Ukrainian President Volodymyr Zelensky will meet his U.S. counterpart Joe Biden and U.S. Congressional leaders in Washington D.C. on Thursday, September 21st as he tries to shore up additional military backing from the United States. This will be Biden and Zelensky’s sixth in-person meeting, and the Ukrainian president’s second visit since his country was invaded by Russia nineteen months ago.
Joe Biden wants Congress to approve his request for $24 billion in additional spending for Ukraine, but as The European Conservative previously reported, Republicans are divided on the matter. In a letter to the Biden Administration, more than two dozen Republican lawmakers say they will oppose the president’s aid package.

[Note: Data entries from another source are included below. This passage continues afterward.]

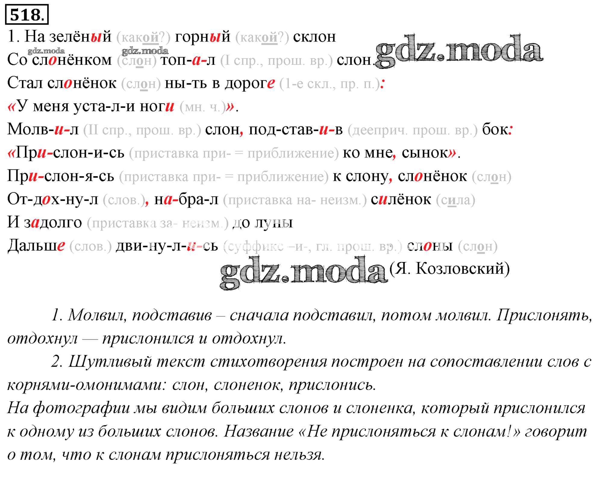ОТВЕТ на задание № 518 Учебник по Русскому языку 6 класс Львова
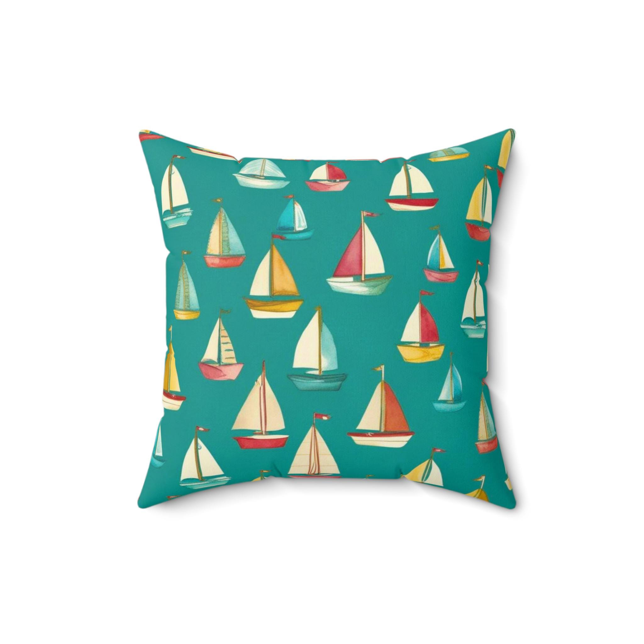 Transform your living space with this vibrant square pillow, featuring an eye-catching sailboat pattern on one side. Its delightful design evokes a sense of coastal charm and tranquility, making it a perfect addition to your home decor. This pillow effortlessly blends with any interior style, adding a cheerful touch to your couch, bed, or reading nook. It's an excellent choice for nautical enthusiasts, beach lovers, or anyone looking to infuse their home with a summery vibe. Ideal for housewarmings, birthdays, or just to brighten up your everyday life, this pillow is a must-have for creating cozy, inviting spaces.
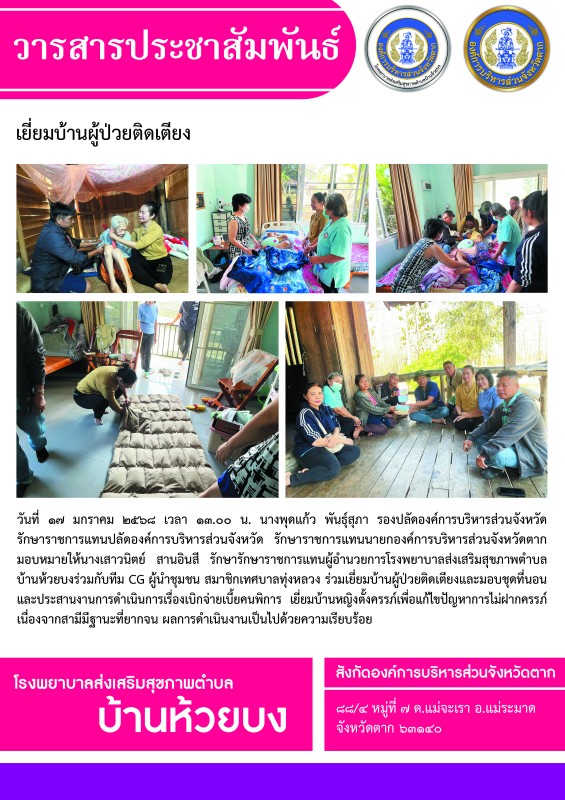 เยี่ยมบ้านผู้ป่วยติดเตียงและมอบชุดที่นอน

In a sign of ever-increasing doubts about funding the war machine, Speaker of the Republican-majority House of Representatives Kevin McCarthy decided not to allow Zelensky to address the chamber as he did on his last visit to Capitol Hill last December.
“Look, what Russia has done— invade—is wrong. It’s an atrocity. We want to make sure that ends. I also have always said from the beginning, no matter what the issue is, I want accountability for whatever the hardworking taxpayers spend their money on, and I want a plan for victory,” McCarthy told reporters, reiterating Republican fears that funding sent to Ukraine is at times misused by corrupt officials. The U.S. has sent some $113 billion in security and humanitarian aid to help Zelensky’s government since Russia invaded.
McCarthy added:
Is Zelensky elected to Congress? Is he our president? I don’t have to commit anything. I have questions for him. Where’s the accountability on the money we’ve already spent? What is the plan for victory? I think that’s what the American public wants to know.
However, McCarthy will host Zelensky in a separate meeting at the Capitol, so too will Senate Majority Leader Charles Schumer of the Democratic Party.
The meetings come after Zelensky took the stage on Tuesday at the General Debate of the 78th Session of the UN General Assembly in New York, and attacked not only Russia, but also Central European nations that have blocked Ukrainian grain imports. In another sign of growing impatience with Ukraine, staunch ally Poland announced on Wednesday it will no longer arm Ukraine and instead focus on its own defence.
Zelensky also took the opportunity in New York to criticise the United Nations for a lack of reform since its establishment in 1945. Its most powerful body, the Security Council, is charged with ensuring international peace and security, but it has been blocked from taking any action on Ukraine because of Russia’s veto. The 15-member council’s five permanent members are nuclear powers China, France, Russia, the United Kingdom, and the United States, who can block any resolution. “All the UN actions—either by the Security Council or the General Assembly—that could have stopped this aggression, are shattered by the privilege granted by this seat to the aggressor. Veto power in the hands of the aggressor is what has pushed the UN into a dead end,”, Zelensky said in his speech to the UN Security Council on Wednesday.
The General Assembly has condemned Russia’s invasion and demanded the withdrawal of its forces and a reversal of its annexation of Ukrainian territory, but its resolutions are not legally binding. Zelensky therefore proposed that the General Assembly—where there are no vetoes—be allowed to suspend or strip the veto power of one of the five permanent members of the Security Council for egregious violations of the U.N. Charter.
Russian Foreign Minister Sergei Lavrov, showing up at the Security Council after Zelensky left, described Russia’s veto as a way to check Western power. He accused the West of “selectively” turning to UN norms and principles on a case-by-case basis “based on their parochial geopolitical needs”. Experts point out that—like Russia—the U.S. and the UK also intervened militarily in Iraq without the consent of the Security Council.
“The UN is powerless to address Russian aggression in Ukraine, in the same way it was powerless to address U.S. and UK aggression in Iraq. And yes, this seems to go against the initial purpose of the global body, which was created to save succeeding generations from the scourge of war, which twice in our lifetime has brought untold sorrow to mankind,” writes Tamsin Phillipa Paige, Senior Lecturer at Deakin University.